Creators use the GPL and its many derivatives and variants mostly in
licensing FLOSS. However, similar licensing approaches can also
apply to other types of copyrighted works such as text, music,
photographs or motion pictures. Creative
Commons. Several of those
who had been involved in the litigation efforts described above
decided that, while it was necessary to continue to challenge in
court the validity of laws limiting access rights, something needed
to be done at once to create alternatives to the closing off of the
commons they felt was underway, and the Creative Commons was born. The
Creative Commons extends and broadens the “some rights reserved”
approach of the GPL to licenses that creators can apply to a wide
variety of works. The same digital technology that has made it
possible for copyright owners to impose restrictive license on works
in digital form also allows copyright owners to offer much less
restrictive licenses that users do not have to seek prior permission
to use as long as users adhere to the conditions set out in the
license. Typically, those conditions are much more liberal than
those that obtain under copyright law per se. In practice, a
creator indicates that his or her work is licensed under a Creative
Commons license and provides a link to the Creative Commons website
(www.CreativeCommons.org)
where the specifics of the license are laid out for any potential
user to view.
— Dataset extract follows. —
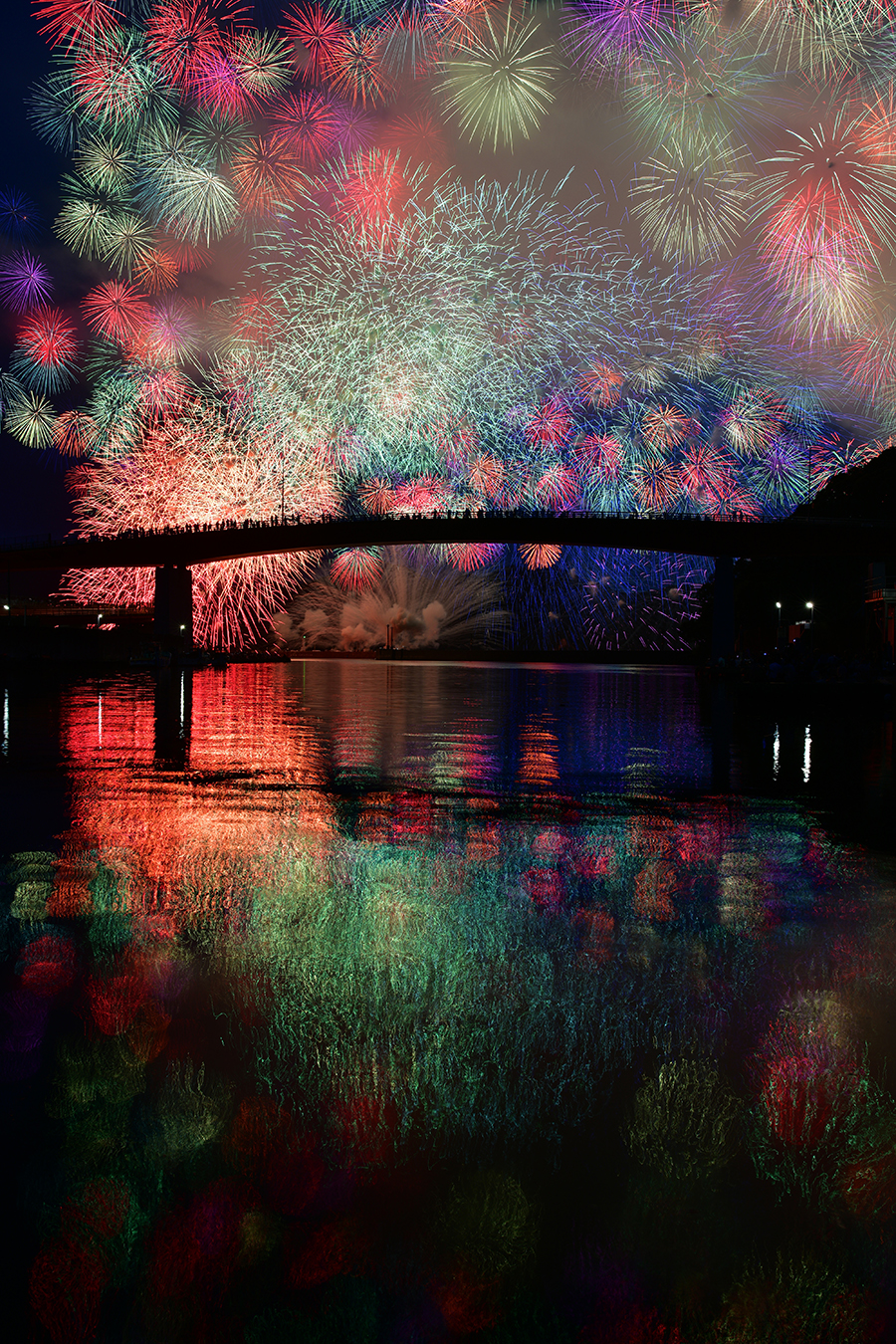 最近の花火大会は、混雑を避けるために橋の上に留まるのが禁止されるケースが増えてきました。とはいえ、多くの人は橋の上から美しい花火を見たいと思っているはずで、本作はそうした多くの人の心の中の花火大会を表現しているようにも感じられます。しかも大きなプリントに仕上げたことで、写真を見ている人も、橋の上から夢見心地で花火を見ているような感覚を味わえるのが面白く、魅力的な作品です。橋を中心に水面の写り込みを活かしてシンメトリックに仕上げているのも、大きなプリントサイズも相まって、本作に最適な表現だと思います。

As long as the user conforms to those conditions of
use, there is no need to track down the copyright owner and obtain
specific permission to use the work. While
these Creative Commons licenses do expand access to information in a
commons spirit, the works are licensed under copyright and the
licenses chosen draw their force and enforceability from copyright
law. None of these commons licenses has yet had its validity tested
in court. Some
creators are uncomfortable with having their work remain under
copyright for 70 years after their deaths. For these creators, the
Creative Commons also offers a “Founder’s Copyright” option.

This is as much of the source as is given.